The Feminine principle held the space within which the Masculine began to mend the fractures. The Feminine invoked the powers of balance to assist in the mending. The return created a stirring in the hearts of humankind, which opened a door to a side of themselves they had forgotten.
The return of the Feminine created a choice – to continue in the imbalance, or to embrace a new wholeness. The choice became more and more apparent as the worlds collided; friction, the result of two coming together to become one, was the medium to invoke the choice.
The friction became so prevalent as to capture All of Creation’s interest. Spectators and supporters attended the Great Re-Balancing; across the farthest reaches The Story was felt and held. The love that emanated from All Creation provided an alchemical support which increased the intensity of the friction.
The increased friction acted like sandpaper, destroying old patterns. Cleansing and re-ordering became the way of life. The new wholeness was achieved through the union of the Feminine and the Masculine principles.
Balance again reigned.”
What was interesting to me was that this channeled story has a happy ending, as if from a larger perspective, all of the pain and suffering that has resulted from the break between the masculine and feminine were just part of the “play”, and that in the end it really is just experience.

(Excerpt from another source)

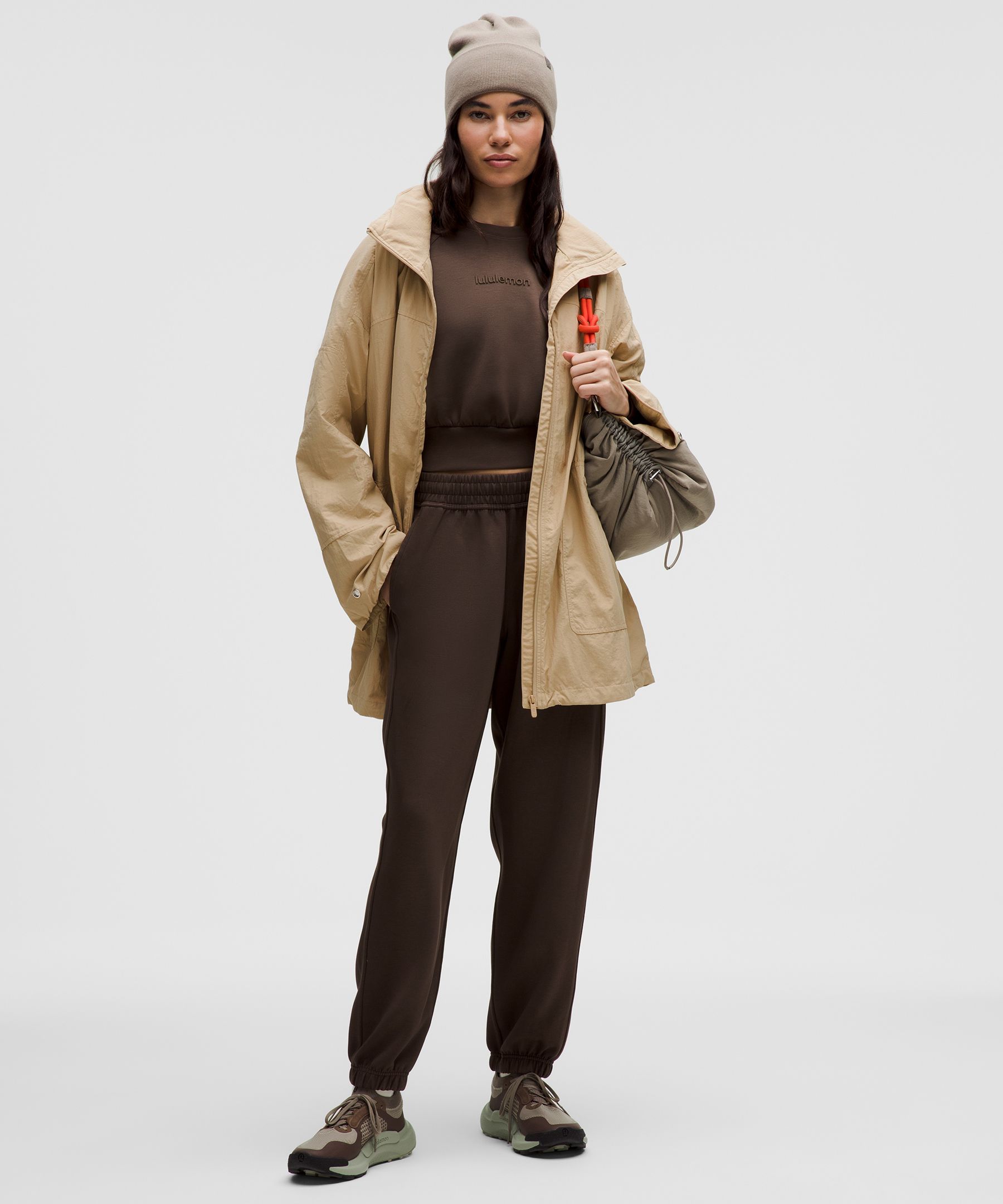 - Zippered hand pockets with hidden phone sleeve

However, the 50 images I was guided to create tell a different story…in graphic detail, I was shown over and over the fracturing and the pain and subjugation mentioned in The Story, yet there was no happy ending in the 50 images. I was told that the human version of the story is told by the images, and that we’re not at the end yet.
I was so grateful for the considered questions and responses that folks had. One man whispered quietly to me, “Thank you for not blaming the men for everything.” It broke my heart, and made me glad I have access to another version of the story.
A flood of work is coming through me, and it seems to be very much in examination of the dynamic between the feminine and the masculine, both within each of us and in the collective whole. I am beginning to see that part of my soul’s desire on the earth is to bring healing to the masculine through the embodiment of the Sacred Feminine. I am brought to tears with this knowing.